For projects that will be exposed to UV rays, be sure to select the right paint, stain, and finish combination

By Staff of SSW

We’ve all experienced finishes fading or discoloring in the sun, but how much to do they actually change? To test this, we created two boards with identical paints, stains, and finishes. We photographed one immediately and stuck the other in a sunny window. After a year, here’s what we found. Once you have read through the finish results, test out what you learned by scrolling and finishing a cute crustacean


Row A: Spar Varnish

Spar varnishes are a class of tough finishes designed for outside use, like on benches or boats. The “bouncers” of the finish world, these sturdy guys contain compounds that block the ultraviolet (UV) rays that give you sunburn—and cause projects to fade.

Woodworkers love spar varnishes because they help finishes stand up better over time; they also preserve color longer. Why? Not only do UV rays make colored finishes fade, but they also cause rich, colorful hardwoods, such as purpleheart, to lose their vibrant hues. The bigger the shield against UV rays, the longer the color stays. A word of caution, though: the compounds in spar varnish do eventually break down, so even the toughest outdoor finishes need to be reapplied after a few years.

In our test, the spar varnish immediately added a yellow cast to the sections finished with white acrylic paint, which is clearly visible on the top panel. This yellow deepened noticeably on the test board that was exposed to sunlight.

Other than that, in terms of gloss and color, the sections treated with acrylic paint and acrylic paint washes and then finished with spar varnish (columns 1-4) held up well. This is because paints add color using solid pigments dissolved in a medium of some sort (usually oil, an acrylic medium, or water). Even when you thin these paints with water, the pigments resist fading.

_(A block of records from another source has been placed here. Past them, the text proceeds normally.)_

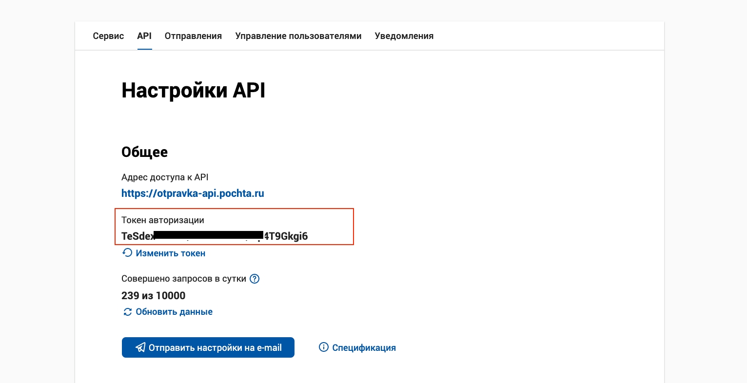 - API-токен от личного кабинета сервиса "Отправка" Почты России
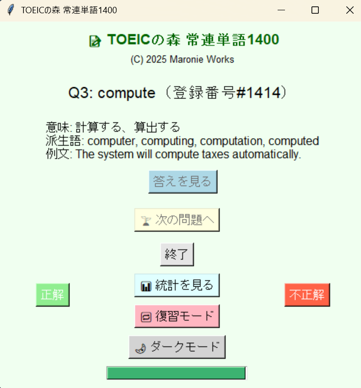 - 🔁 間違えた単語だけを復習できる「復習モード」
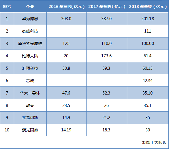 國內(nèi)2018年半導體設計企業(yè)收入排名,海思2018年以501.18億元人民幣排名第一,遙遙領先第二名。

The three sections colored with stains and dyes and then finished with spar varnish (columns 5-7) faded more noticeably than the acrylic paint sections. Column 5, finished with a traditional oil stain, held up better than dye (column 6) and alcohol-based stain (column 7). This is because traditional stain includes solid color pigments (which hold up better than dye) in addition to dye. Alcohol-based stains contain more dye than solid pigment, so they fade more than traditional stains do.

Row B: Natural Danish Oil

Danish oil, a mixture of oil finish and varnish, is a common finish for scrollsawyers. It’s easy to apply and adds a rich tone to most finishes (and doesn’t affect the color white, like the spar varnish did). But it doesn’t contain any UV-blocking compounds.

The acrylic paint and acrylic paint washes (columns 1-4) finished with Danish oil held up well, but all three stains (columns 5-7) faded significantly more than they did in Row A.

Row C: No Surface Finish

For comparison’s sake, we didn’t apply any surface finish to Row C. This means that the colors on this row were fully exposed to damaging UV rays, and it shows. Even the solid pigments in the paints faded very slightly, and the dyes and stains changed substantially compared to the control.


The takeaway is obvious—any finish is better than no finish, but a finish containing UV blockers is ideal for projects you plan to keep outdoors. If you don’t want to apply a heavy finish like spar varnish, use paint or traditional oil stain; dyes and alcohol-based stains don’t stand up as well when exposed to UV rays.